TASK INPUTS
--*--
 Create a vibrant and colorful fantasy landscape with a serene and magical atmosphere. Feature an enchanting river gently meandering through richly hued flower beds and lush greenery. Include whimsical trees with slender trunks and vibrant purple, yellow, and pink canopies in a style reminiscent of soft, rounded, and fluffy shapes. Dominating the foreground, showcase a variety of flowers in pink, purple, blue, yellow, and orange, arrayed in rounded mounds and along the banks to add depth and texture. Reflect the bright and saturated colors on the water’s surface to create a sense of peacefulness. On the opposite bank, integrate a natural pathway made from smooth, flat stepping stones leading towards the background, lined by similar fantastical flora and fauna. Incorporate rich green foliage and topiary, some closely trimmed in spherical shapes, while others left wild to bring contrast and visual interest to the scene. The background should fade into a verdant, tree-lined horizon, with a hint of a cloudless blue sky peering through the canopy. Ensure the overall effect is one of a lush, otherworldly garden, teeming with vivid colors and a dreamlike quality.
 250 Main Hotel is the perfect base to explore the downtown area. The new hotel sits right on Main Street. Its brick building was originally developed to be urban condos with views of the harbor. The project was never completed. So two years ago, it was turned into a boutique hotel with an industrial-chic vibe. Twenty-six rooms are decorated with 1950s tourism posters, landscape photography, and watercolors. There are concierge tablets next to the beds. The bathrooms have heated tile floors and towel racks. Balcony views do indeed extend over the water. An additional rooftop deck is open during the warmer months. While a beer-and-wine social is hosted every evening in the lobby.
--*--
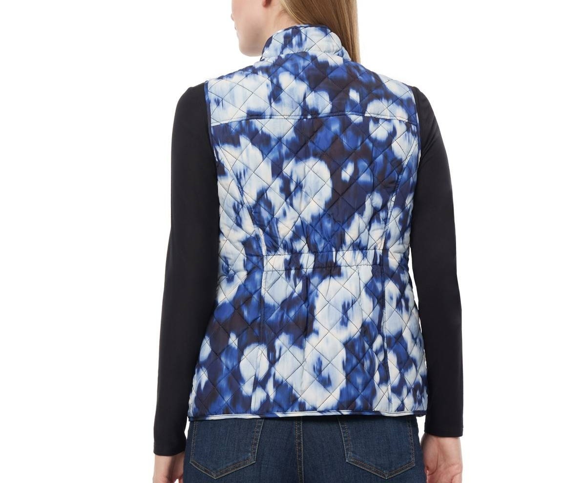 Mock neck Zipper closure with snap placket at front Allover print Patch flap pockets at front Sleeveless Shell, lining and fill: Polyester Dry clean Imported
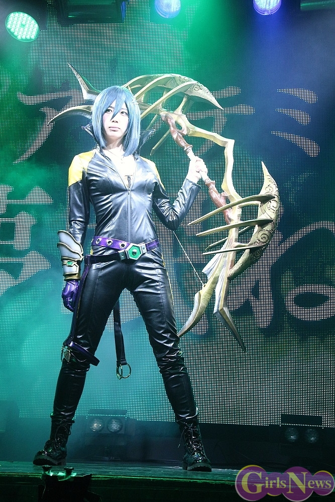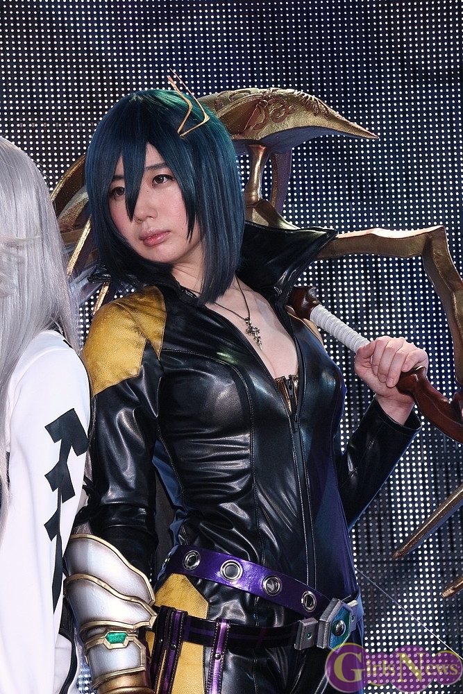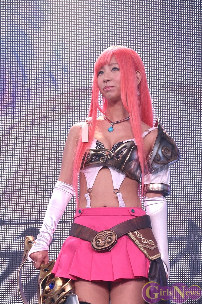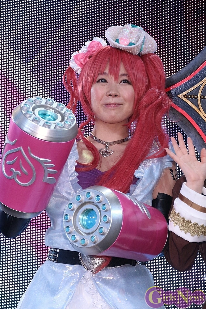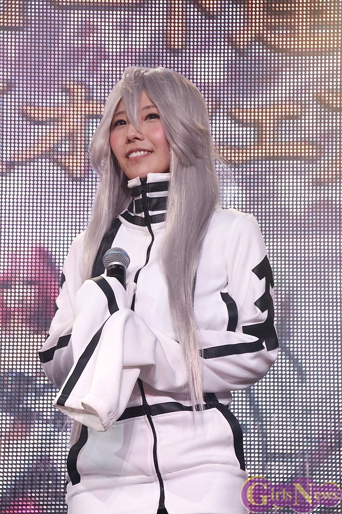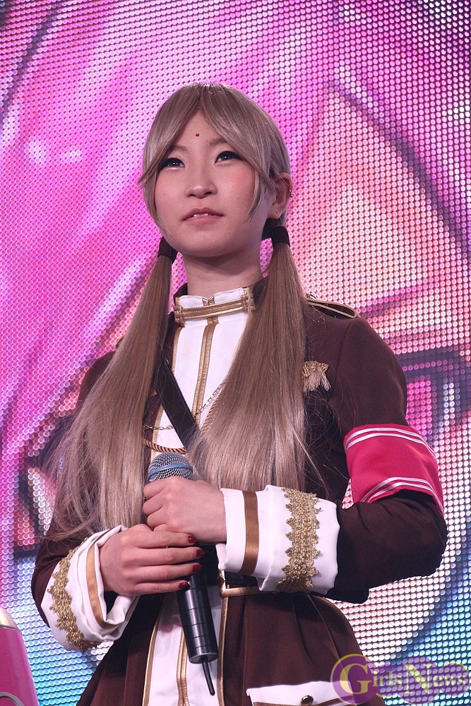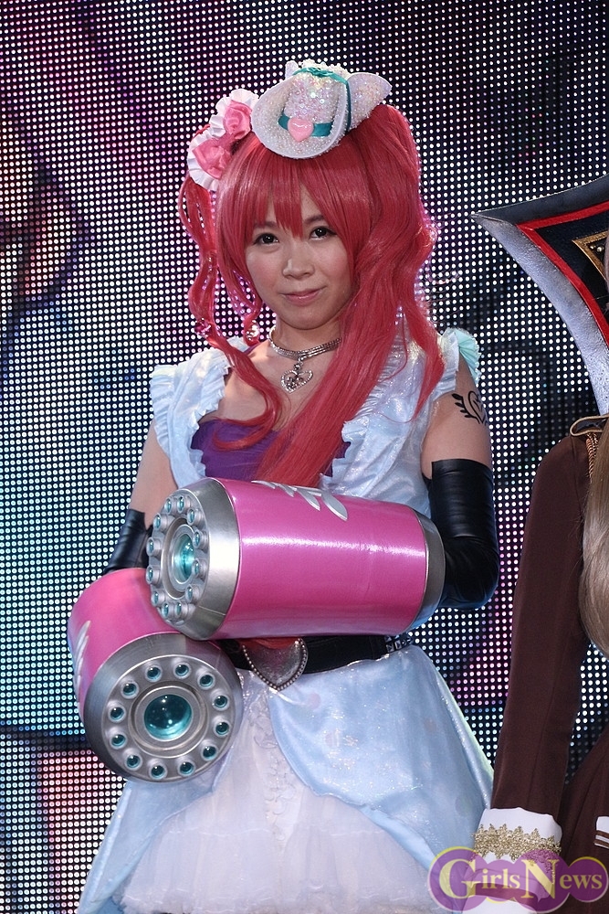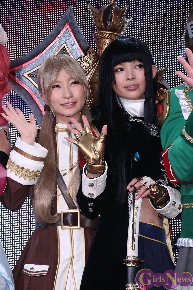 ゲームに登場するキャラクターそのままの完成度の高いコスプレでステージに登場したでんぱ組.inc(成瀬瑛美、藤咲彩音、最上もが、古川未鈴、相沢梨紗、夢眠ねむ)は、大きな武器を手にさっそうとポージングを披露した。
--*--
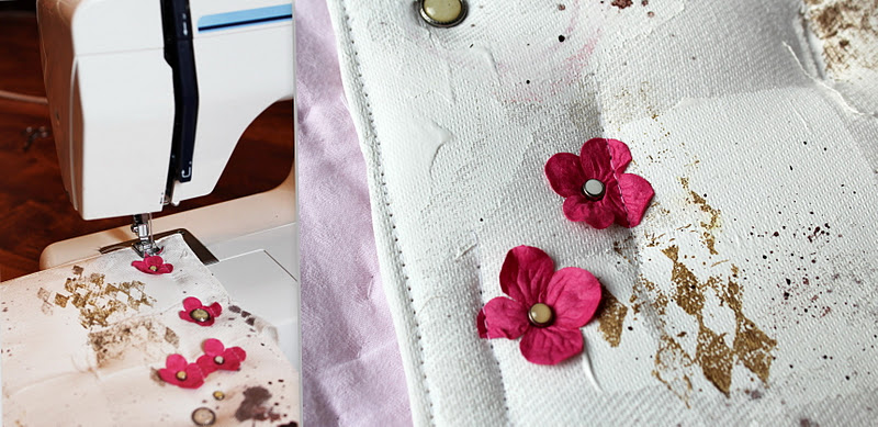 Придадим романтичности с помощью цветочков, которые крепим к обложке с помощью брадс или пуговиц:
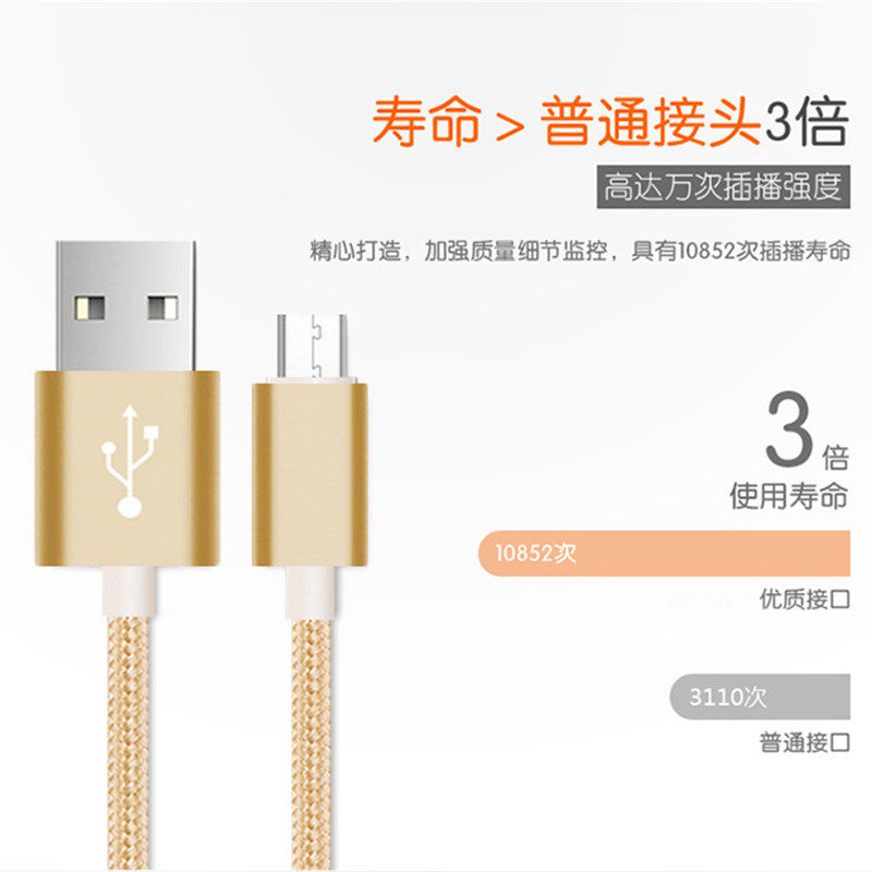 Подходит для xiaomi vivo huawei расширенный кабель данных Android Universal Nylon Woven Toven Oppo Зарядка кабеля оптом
--*--
TASK INSTRUCTIONS
Write out word for word the lines of the listing above from the line with "Придадим романтичности с" to the line with "Подходит для xiaomi", taking in both of those lines but no pictures.

ANSWER TO THIS EXERCISE
 Придадим романтичности с помощью цветочков, которые крепим к обложке с помощью брадс или пуговиц:
 Подходит для xiaomi vivo huawei расширенный кабель данных Android Universal Nylon Woven Toven Oppo Зарядка кабеля оптом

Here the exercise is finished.